Florida NEWS from State Attorney :
http://www.myfloridalegal.com/newsrel.nsf/newsreleases/9F2D49F93748C61385257D1F00703613
You would probably need to get a FOIA suit filed to get that kind of information
I could not get a thing out of the FDIC
Under FOiA request they referred me to the servicer whom
They transferred ” all the files to” ( is that normal don’t they have their own record if what they sold) and then they referred me to their big hitter lawyers.
Not an attorney not legal advice just my experience as pro se litigant.
so….. the London whale trade was investors money and borrowers securitized loan payments gone bad…… real bad and the all the proceeds from the foreclosed on 6 million plus borrower’s securitized loans that were supposedly in “default” are the fictional profits? Could this actually be called “proprietary trading”?

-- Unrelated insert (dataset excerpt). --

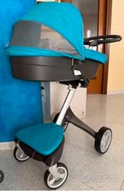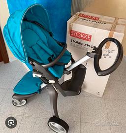 Duo carrozzino-passeggino Stokke Xplory. Alta gamma ad una frazione del prezzo di listino causa trasloco. Affare, nonostante non sia l'ultimo modello è tenuto benissimo. Al massimo qualche graffietto dovuto all'utilizzo.. Igiene garantita. Compreso nel prezzo ci sono 2 sacche applicabili e interscambiabili dello stesso colore e un ombrellino parasole. Prezzo 70 euro. Formula: vieni, lo vedi e te lo porti via oppure trasporto con costo di 30 euro a carico del destinatario

Does the Volcker rule apply to servicers? Does anyone know the answer to that?
Neil ,
You formerly worked on Wall Street and I hold a series 7 ,, we both know , and everyone on Wall Street knows how customers are abused … I know traders that have absolutely perfect records in THEIR account … the banks do exactly the same ,, bet both ways , assign the winner to themselves and the losing trade to a client… How do you think Hillary had all those bizarrely uncanny cattle future trades .. it was a payoff engineered in this way.
The trouble is that this is entrenched as “the way they do business” when of course it should be a felony… Who will go against Citi? BAC? WF?